By: Mark Glennon*
A far deeper crisis for Illinois is inevitable, we’ve long said, but it’s now more imminent because that certainty is becoming so obvious.
The exodus from the state will accelerate, unpaid vendors will start refusing to work, cuts by both the state and local governments will become more severe, schools and small universities will run out of cash, already impossible pension burdens will worsen and borrowing costs will continue to rise.
Let’s start with what many see as the optimistic scenario, which is that Springfield agrees on a budget soon. That agreement would probably be roughly similar to what the Illinois Senate passed today — $5.5 billion in new taxes and $3 billion in spending cuts.
Many would breathe an initial sigh of relief if that deal passed. Credit downgrades would probably be avoided for now and many recipients of state money, now cut off, would have funding at least partially restored. Schools and universities would stay open for now.
But the reality of what that compromise wouldn’t accomplish would soon become apparent:
• Nobody is even discussing the lion in the room — the $180 billion of unfunded pension and healthcare liabilities for services already rendered by state workers. Pension contributions already consume a quarter of the state budget, and it would take billions more each year just to keep the unfunded liabilities from growing. When the current budget debate ends — no matter how it ends — Illinois will realize that the largest source of its crisis wasn’t addressed.

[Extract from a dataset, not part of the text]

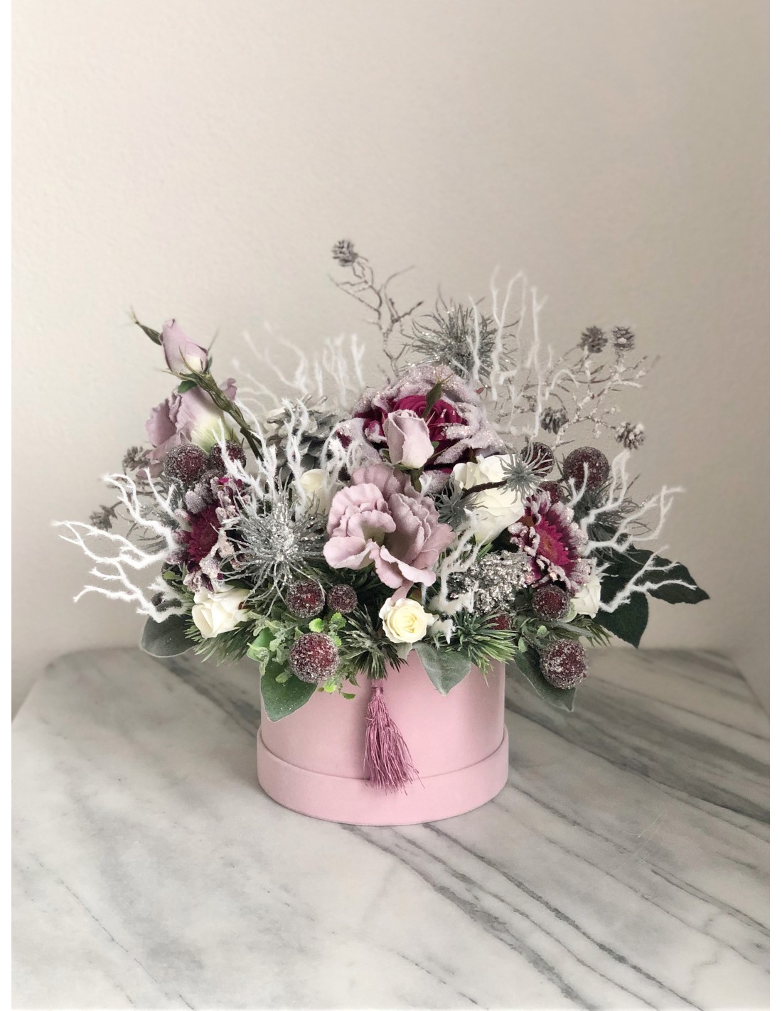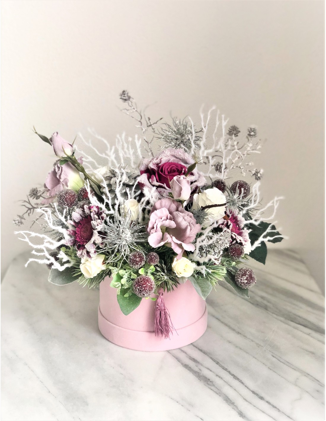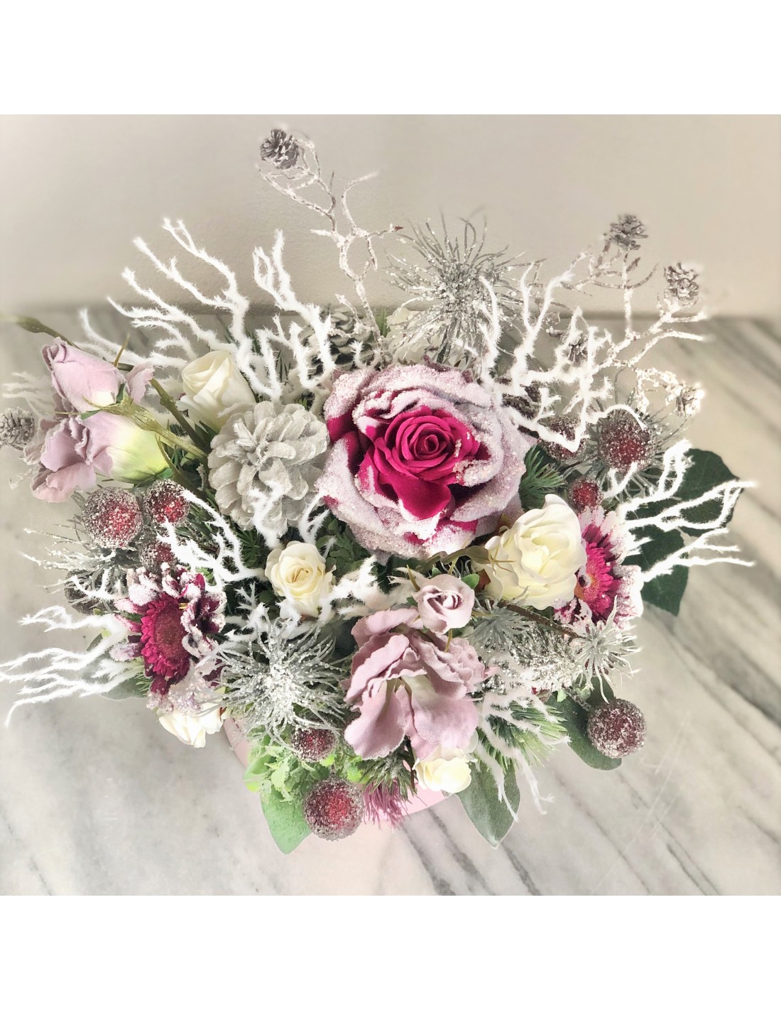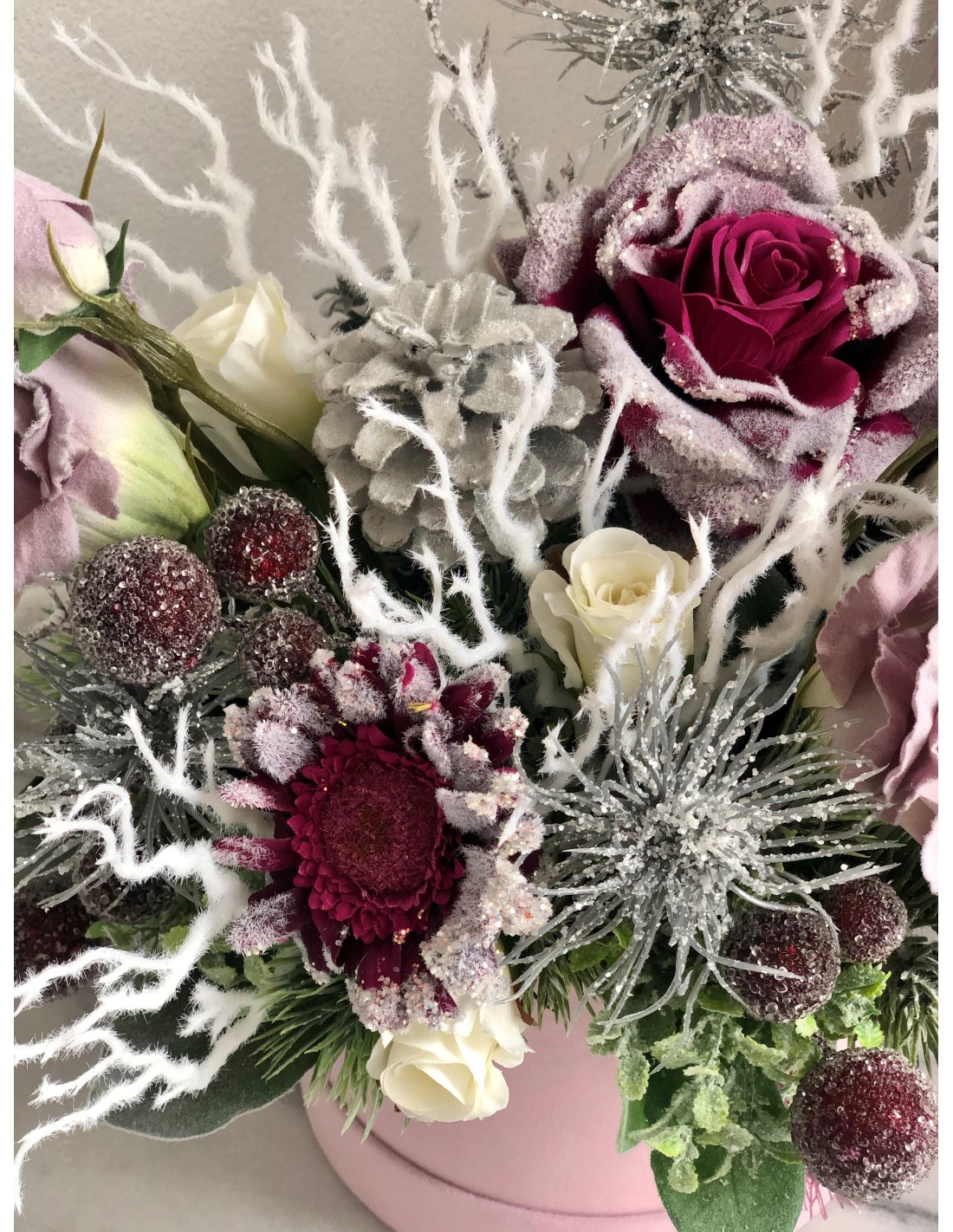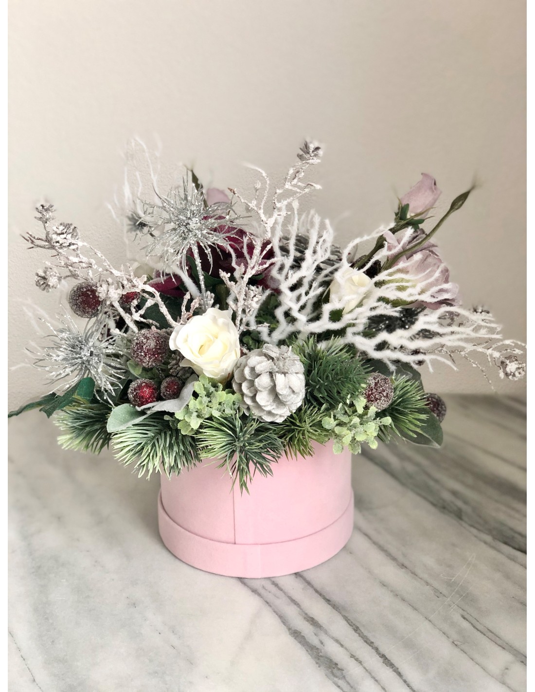 Weihnachtliches Arrangement in einer Velour Box

Yes, there is a pension “reform” bill on the table, but it’s based on the “consideration” model which is constitutionally suspect and would be litigated all the way to the Illinois Supreme Court. Even if it’s upheld, savings from it are extremely dubious and have never been documented.
• Most Illinoisans would focus only on the tax increase. Sixty-two percent say the budget does not affect them or anybody in their family. That’s foolish and selfish, but that’s the way it is. The business community, too, would see little to like — only gimmick reforms that soon will be exposed as cosmetic, and the corporate income tax would increase under the Senate bills passed today. In short, more people and employers would see more reason to leave.
• The full effect of the $3 billion in “cuts” is a mixed bag and unclear for now. Those cuts are off of a theoretical baseline, not against what’s been disbursed over the past year. So, some recipients of state money would have funding restored at least in part, but some would still face severe austerity.
• Nothing in the legislation would address the $14 billion in unpaid bills at the state level.
• There’s no relief being offered to struggling municipalities, though the Senate legislation apparently would have state taxpayers pick up the “normal cost” of the Chicago teachers’ pension. Illinois’ crisis has to considered on a consolidated basis with all its overlapping jurisdictions, especially in and around Chicago. It’s the consolidated picture that’s so overwhelming. Chicago will go bankrupt because of its pensions, which are rapidly bleeding down towards zero assets.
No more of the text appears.